Targeted therapy is a form of cancer treatment that employs medicines that are specifically intended to kill cancer cells while leaving healthy cells alone.
Cancer cells contain mutations in their genes that distinguish them from normal ones. Genes are instructions written in a cell’s DNA that inform it what to do. When a cell’s genes are altered, it stops acting like a normal cell. Gene alterations in cancer cells, for example, may help the cell to grow and divide rapidly. These alterations are what distinguishes it as a cancer cell.
However, there are several kinds of cancer, and not all cancer cells are alike. Colon cancer and breast cancer cells, for example, have distinct gene alterations that aid their growth and/or spread. Even among persons with the same basic kind of cancer (such as colon cancer), cancer cells might have distinct gene alterations, causing one person’s colon cancer to be different from another’s.
Researchers have also discovered that the environment in which malignancies begin, develop, and thrive differs from one cancer to the next. Some tumors, for example, include proteins or enzymes that convey instructions to the cancer cell telling it to grow and duplicate itself.
Knowing these features has led to the creation of medicines that can “target” these proteins or enzymes and prevent them from sending messages. Targeted medicines can either block or turn off the signals that cause cancer cells to proliferate, or they can signal cancer cells to die.
Targeted therapy is an essential kind of cancer treatment, and as scientists understand more about particular alterations in cancer cells, more targeted medicines will be developed. However, only a few types of malignancies are now treated exclusively with these medicines. Surgery, chemotherapy, radiation treatment, or hormone therapy are all common side effects of targeted therapy.

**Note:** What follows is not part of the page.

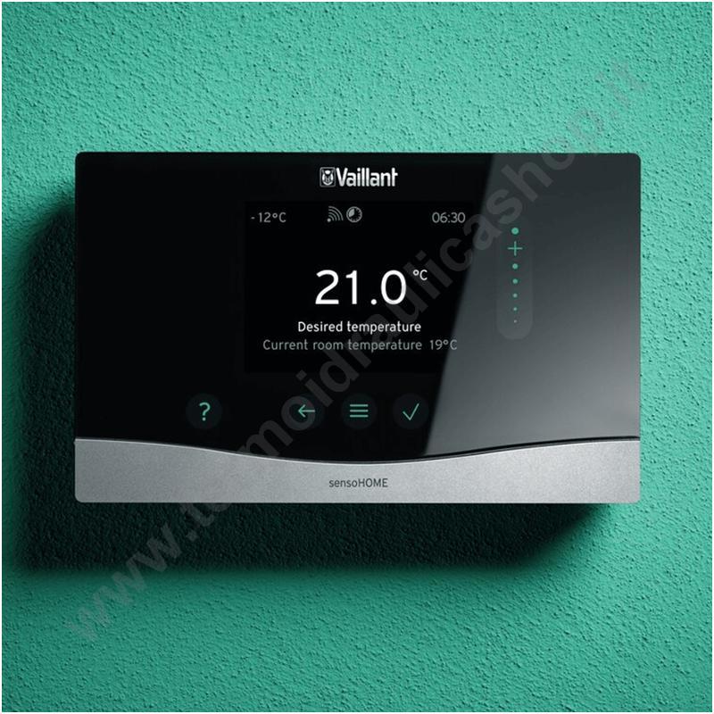 La programmazione delle funzioni è coadiuvata da «messaggi parlanti» e i tasti, tutti “touch-screen” rendono l’esperienza di comfort ancora più gradevole. Ideata per essere abbinata alle caldaie Vaillant, sensoHOME è compatibile anche con con tutte le caldaie eBUS a partire dal 2003. La gestione in remoto è possibile con l’aggiunta del gateway internet sensoNET a cui è associata un’APP di ultima evoluzione. sensoHOME è in classe V ai sensi della comunicazione della Commissione 2014/C 207/02, abbinata a una caldaia a condensazione in classe A da’ l’accesso ad ecobonus 65% e superbonus 110%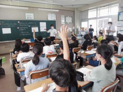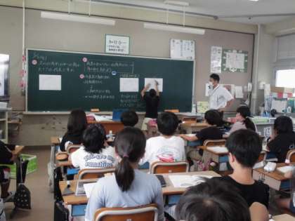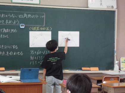 四角形の内角の和を求めました。どのように求められるか複数の考えが出されました。

What distinguishes targeted treatment from chemotherapy?
Targeted therapy medicines, like other cancer-fighting therapies, are classified as chemotherapy. Targeted treatment medicines, on the other hand, are not the same as typical or standard chemotherapy (chemo). Targeted medicines target some of the differences that distinguish cancer cells from normal ones. This distinguishes them from chemotherapy in two major ways:
- These medicines have an effect on cancer cells but usually leave normal, healthy cells alone due to their focused activity. Traditional chemotherapy is cytotoxic to most cells, which means that it can harm normal, healthy cells as well as malignant cells.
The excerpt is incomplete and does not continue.